The thing is I read on another forum that even though the temp gauge on the cluster shows as ok, the readings going to the ecu may still be duff and so may be causing my problems. Is there a way to check the temp readings being fed to the ecu by the sensor without vagcom? Could I use the climate control diagnostics to find out?

plugin
11-14-2012, 03:53 AM
Bump.

skim464
11-14-2012, 04:50 AM
Climate Control Diagonostic has capability of monitoring coolant temperature.. i think... I think ive used that before.. but it didnt work right for me.

plugin
11-14-2012, 05:06 AM
Yeah i've used it before on channel 49. Apparently the coolant sensor has 2 parts. 1 feeds the ecu and the other feeds the information to the cluster temperature gauge.
What I've yet to find out is if the climate control diagnostics gets its info from the part the ecu uses or the part that the gauge uses. I suspect it's the latter, but don't have confirmation yet.

seanj130
11-14-2012, 05:55 AM
Thermostat... You are going to have to do it at this point. I know it will be a pain in the ass on your motor.

plugin
11-14-2012, 07:25 AM
Thermostat... You are going to have to do it at this point. I know it will be a pain in the ass on your motor.

Even though i get hot air through the vents ok?

J Ozzie
11-14-2012, 03:57 PM
But is your heat hot? If the heat is hot when the water temp. gauge shows cold; it's the CTS. If you have no heat then your car won't warm up, and it's the T-stat.

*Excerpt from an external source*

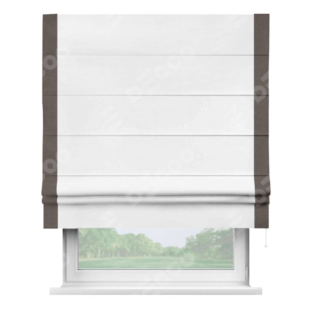 Римская штора производителя «Cortin», используется для проёма, пошита из ткани вельвет дымчато-белый, артикул ткани 85535. Отделка шторы кантом «Стрим Дуо», ткань для канта используется из вельвета разной расцветки на выбор. Имеет универсальный механизм и подходит для монтажа: на потолок, на стену и в нишу.
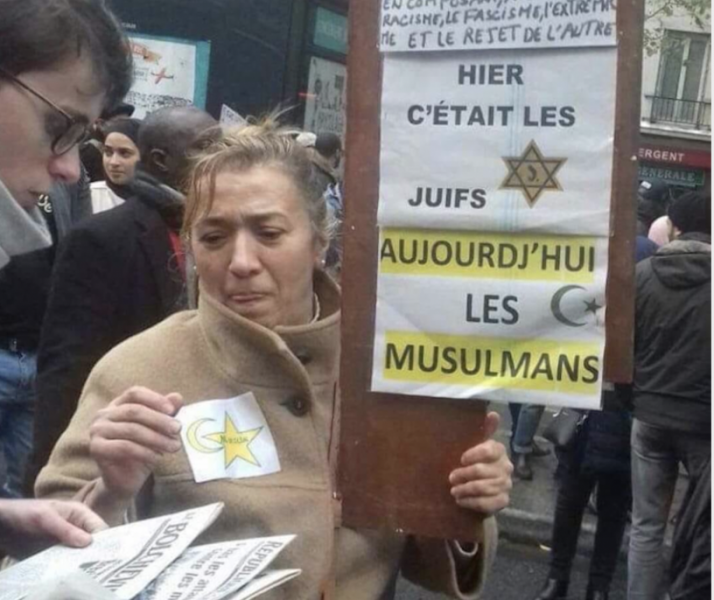 Nous reviendrons sur l’étoile jaune qui a circulé pendant la manifestation. Mais insistons d’emblée sur le fait que Marwan Muhammad a scandé « Allah Akbar ». En République laïque, on ne conclut pas une manifestation par une incantation religieuse, quelle qu’elle soit. C’est la signature finale de cette marche communautariste. La seule incantation qui aurait eu du sens, c’est la Marseillaise. Mais j’imagine que cette idée, si elle a effleuré les organisateurs, a dû être écartée !

i just remembered we have 2 of em...

I replaced the Coolant flange one but not the lower :(

plugin
11-15-2012, 05:09 AM
i just remembered we have 2 of em...

I replaced the Coolant flange one but not the lower :(

Yeah the heat is is definitely hot.

As for the CTS well it was replaced a few weeks ago but I wasn't aware there was 2 of them. The one I replaced was the same one as shown here -

http://www.audiworld.com/tech/eng108.shtml

kingnuggie
03-18-2013, 03:28 AM
I have a 2.4 12v 1997 avant
My engine has a new thermostat
the oil runs up to temp normally
the analogue water temp gauge has be schizophrenic for a while and now it does not move at all from its cold position
my climate control number "51" secret code temperature responds as it should, running up to 90deg and staying there
which coolant sensor do i replace, the one at the firewall end of the engine or at the radiator end?
Or am I looking at the wrong water temp code on the climate control?